Легендарный шеф-повар ресторана, получивший в 1996 году почетное звание Лучший Рабочий Франции, едва не подрался со мной во время обеда. Ко всем посетителям он подходил с веселым лицом, а на меня напал с кулаками. Он, видите ли, был обижен, что его блюда в полусъеденном состоянии, слегка размазанные мною по тарелке, снимались моей спутницей на крошечный фотоаппарат («Минолта», $1.300, роскошная вещь, подарок). Повар видел в этом одновременно издевательство и нарушение «копирайта». Он высказал мне свое неодобрение с такой пролетарской прямотой, словно дал уже в зубы, чем испугал стайку рыб из официанток и официантов. Потом они снова приплыли, как ни в чем не бывало. Впрочем, явление к десерту моего знакомого французского циркача из Нантера, не предусмотренного протоколом, да еще без пиджака, их снова разволновало. Они надели на силача, который носит на представлениях по пять человек на плечах, узкий наемный пиджак, похожий на смирительную рубашку, что не позволило бедному Сержу ни съесть ничего, ни выпить.

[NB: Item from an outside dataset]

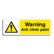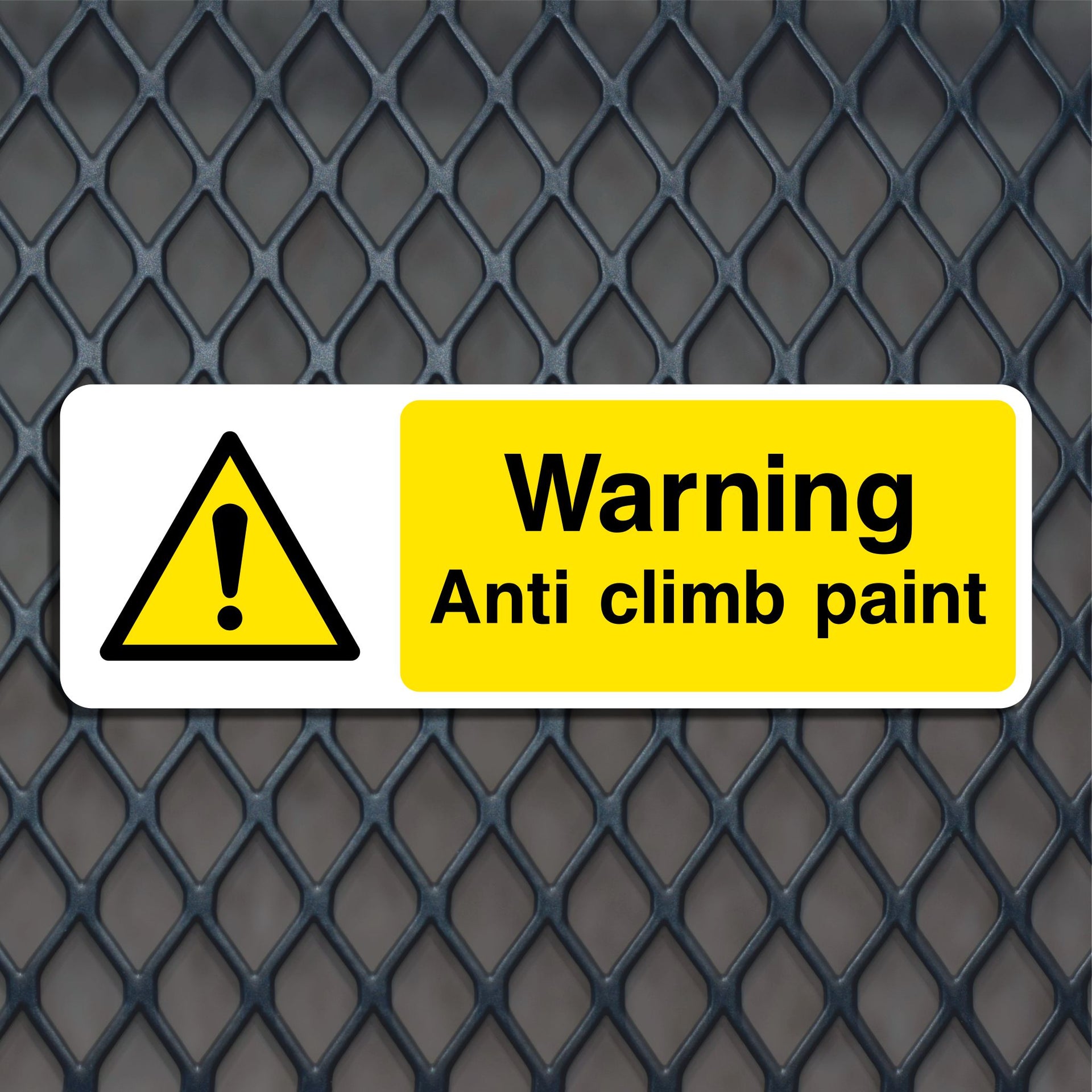 Warning Anti-Climb Paint Signs are hazard and security notices used to inform people that surfaces (such as walls, fences, or drainpipes) have been coated with anti-climb paint. Anti-climb paint remains slippery and does not dry fully, making it difficult for intruders to gain a foothold or grip. The sign warns potential trespassers of this obstacle, acting as a strong deterrent. All our safety signs are compliant with BS EN ISO 7010 where applicable.

Ресторанное обслуживание напоминает групповое изнасилование нежностью и чувством собственного достоинства. Нас насилуют все время, безостановочно, с разных сторон, с таким чувством, что они только затем и появились на свет, чтобы обслужить, убрать за нами и — умереть. Представить себе, что они после вашей трудно произносимой русской фамилии, осмелятся, изменив вам, произносить так же интимно чье-то другое имя, невозможно. Роскошь имеет адресный характер. Чтобы я не забывал своего имени в нирване, мне его напоминает каждая горничная. Если отношения с поваром не сложились, то сомелье Эрик Бомар показал мне глубоко под гостиницей свой винный погреб-лабиринт, где можно будет укрыться на случай войны с непрошеными «друзьями» того же хозяина. Там будет что выпить, сидя в противогазе: тридцать пять тысяч бутылок роскошных вин лежат на камнях, оставшихся от строительства Триумфальной арки. Самое старое из вин, португальский портвейн, налито в бутылку в 1827 году, и могло быть выпито еще Пушкиным, если бы его кто-нибудь сообразил пригласить в Париж. Коллекционные вина входят составной частью в роскошь, наравне с фламандскими гобеленами семнадцатого века, висящими в гостиничной галерее, где подают коллекционные чаи. Все строится по принципу селекции и отбора. Гостиничные приглашения на коктейль выписываются от руки витиеватым дамским почерком, знакомым с чистописанием, но не ведающим, что такое компьютер. Это наводит на мысль, что с формальной точки зрения роскошь ни что иное, как свод рукотворных коллекций.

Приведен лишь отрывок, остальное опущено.